Latin America’s Missing Middles
Decades of weak growth in Latin America have left large parts of the population economically vulnerable. But by taking advantage of digital disruption, the region has a golden opportunity to nurture faster growth that benefits everyone.
MEXICO CITY – Once the world’s most prosperous emerging-market region, Latin America is in danger of being overtaken by its peers, owing to its sluggish and unevenly distributed growth. To break that pattern and make growth more dynamic and inclusive, Latin American economies must fill two “missing middles”: a lack of medium-size firms that can foster competition, and too few middle-class consumers whose spending could create much-needed demand. Harnessing the power of new digital technologies will be crucial to meeting both imperatives.
Despite reform initiatives and poverty reduction, the region’s economies are struggling. GDP growth in the region averaged just 2.8% per year between 2000 and 2016, well below the 4.8% average rate in 56 other emerging economies. Moreover, labor-force expansion accounted for 72% of Latin America’s growth over that period. As fertility rates fall, the region will need to increase productivity to compensate.
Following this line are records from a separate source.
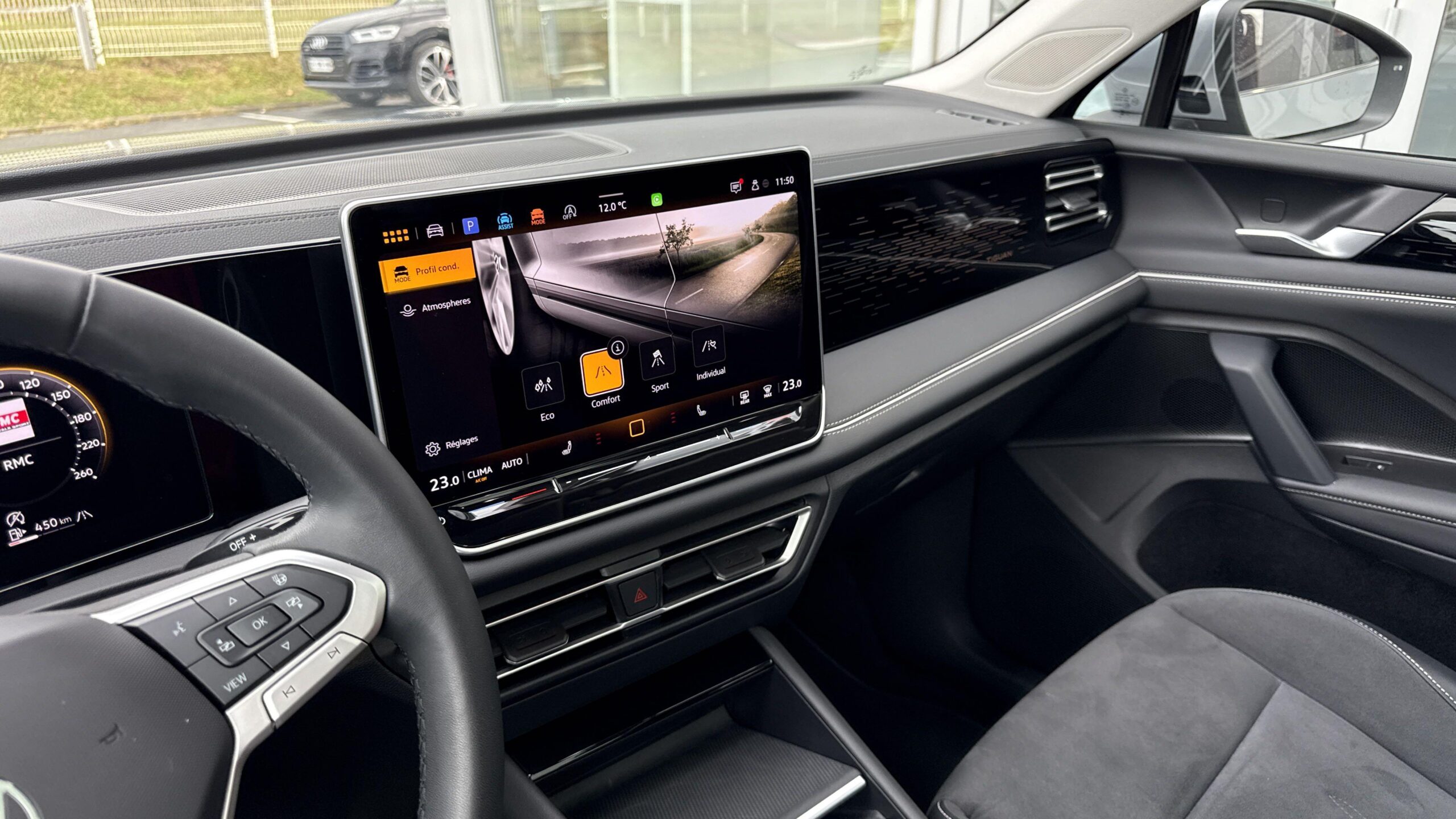 Drive Experience Control: Sélecteur de profil de conduite avec écran OLED tactile - Permet d'ajuster le volume, le profil de conduite ainsi que les "Atmosphères" - Appuyer sur le sélecteur pour afficher les profils de conduite, passez votre doigt sur l'écran tactile pour basculer sur le choix des "Atmosphères" - Des "Atmosphères" sont déja paramétrées dans le véhicule mais vous pouvez créer vos propres atmosphères en définissant une playlist, un affichage Digital Cockpit, un éclairage d'ambiance, un niveau sonore et une tonalité
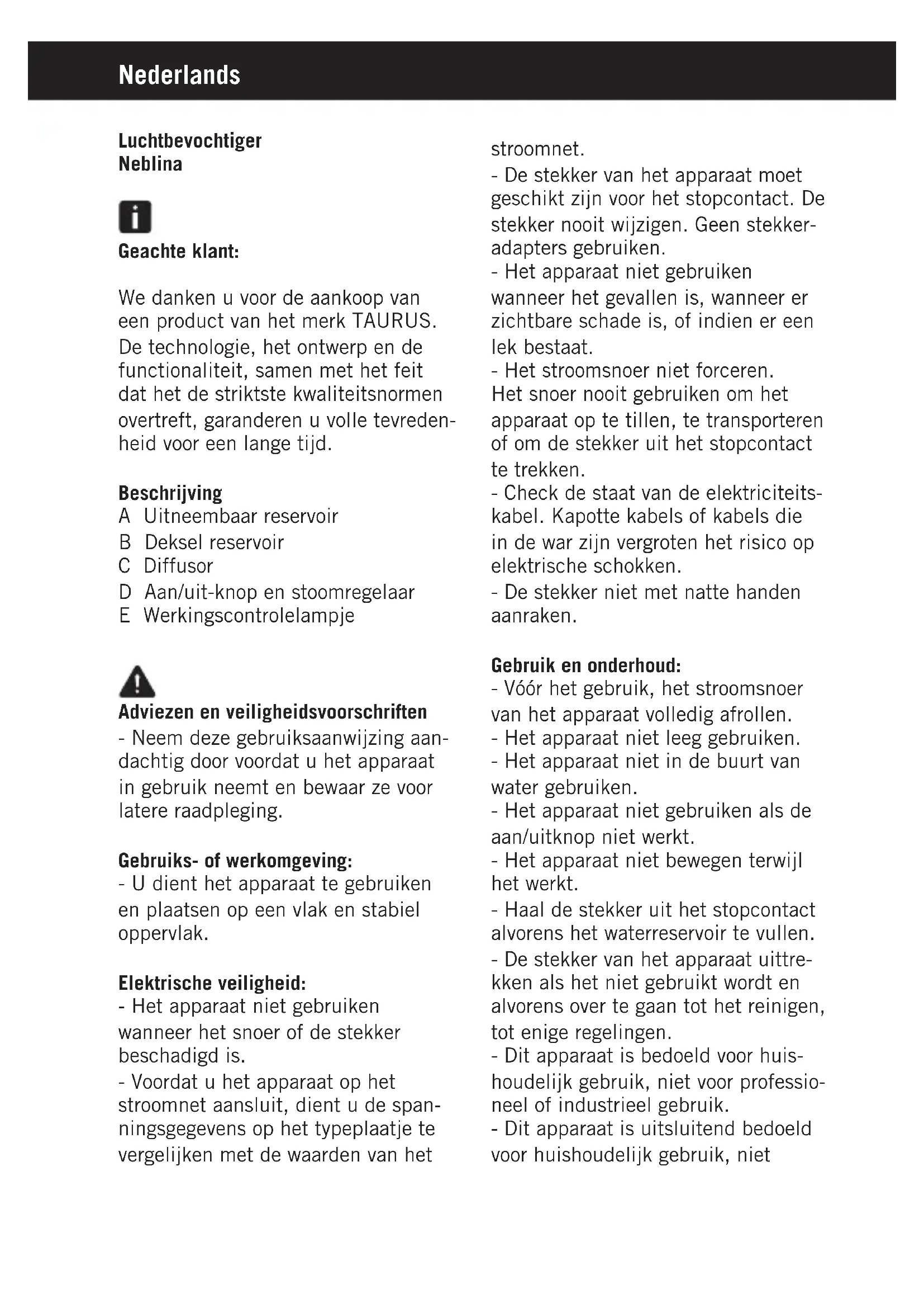 Download de handleiding voor uw Luchtbevochtiger in PDF-formaat gratis! Vind uw handleiding NEBLINA - TAURUS en neem uw elektronisch apparaat weer in handen. Op deze pagina staan alle documenten die nodig zijn voor het gebruik van uw apparaat. NEBLINA van het merk TAURUS.
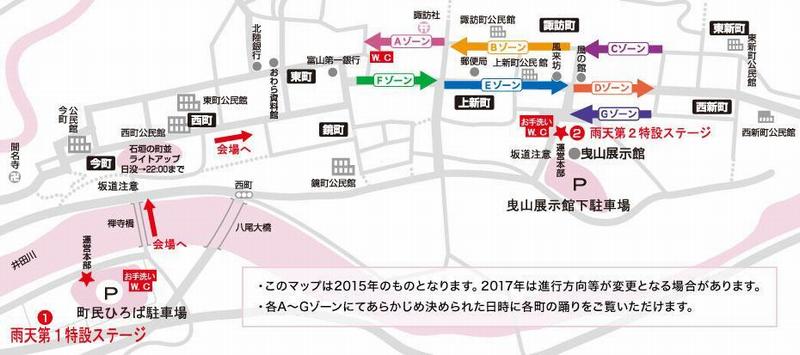 下の写真の各ゾーンとは、おわら風の盆の時の演舞会場ですが、並行しているバス通りで有るD・E・Fゾーンをつなぐ脇道が7本有り、こちらも石畳です。
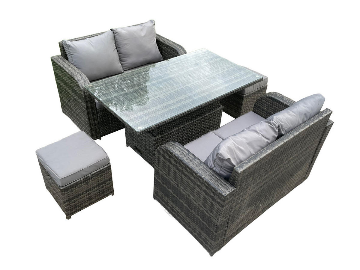 • Materialien: Polyrattan,Stoff,verzinkter Stahl,Schaum,Glas
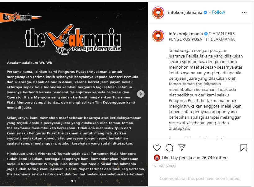"Hal ini menggambarkan bahwa the Jakmania masih menahan diri, masih mematuhi protokol dan komitmen bersama yang telah ditetapkan untuk tetap berada di rumah," tulisnya.
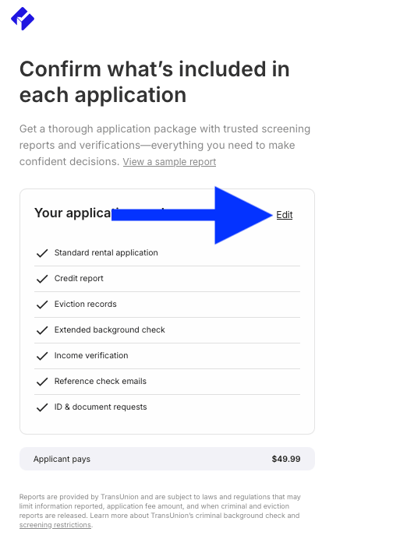 4. Once on the Confirm what’s included in each application page, select the Edit button
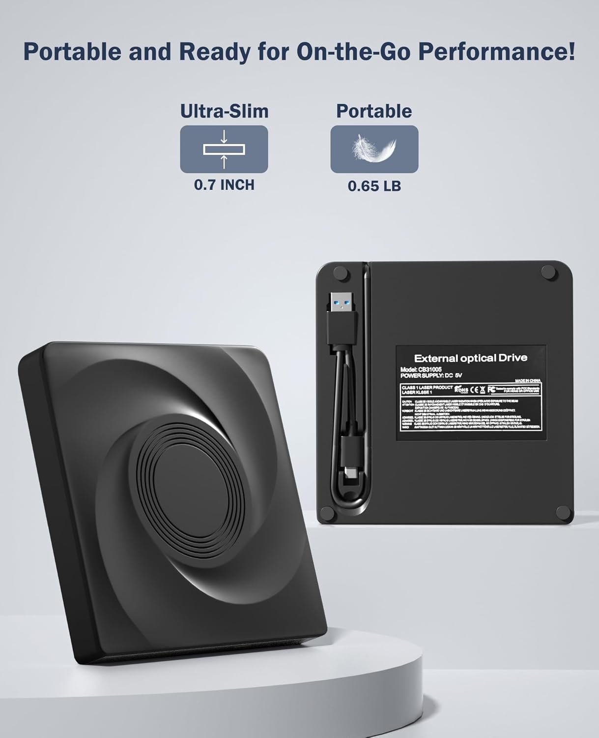 COMPACT & PORTABLE – Our slim and lightweight design is ideal for on-the-go use. Whether you are at home, in the office, or on the go, you can easily take this portable CD/DVD drive with you. Our high quality USB 3.0 external CD/DVD drive is the ideal solution for all your CD/DVD reading and writing needs, as convenient as an internal optical disc drive.

Although Latin America is home to some highly productive global companies, it lacks the backbone of midsize firms that drive innovation and competition – and create productive, well-paying jobs – in more vibrant economies. The region has fewer large- and medium-size firms (with more than $50 million in annual revenue) than Turkey, India, South Africa, and many high-performing Asian emerging-market economies; and those it does have are far less productive than its large businesses. Compounding the problem, many Latin American economies have a long tail of small, often informal companies that collectively employ millions, but that hold back growth because of their low productivity.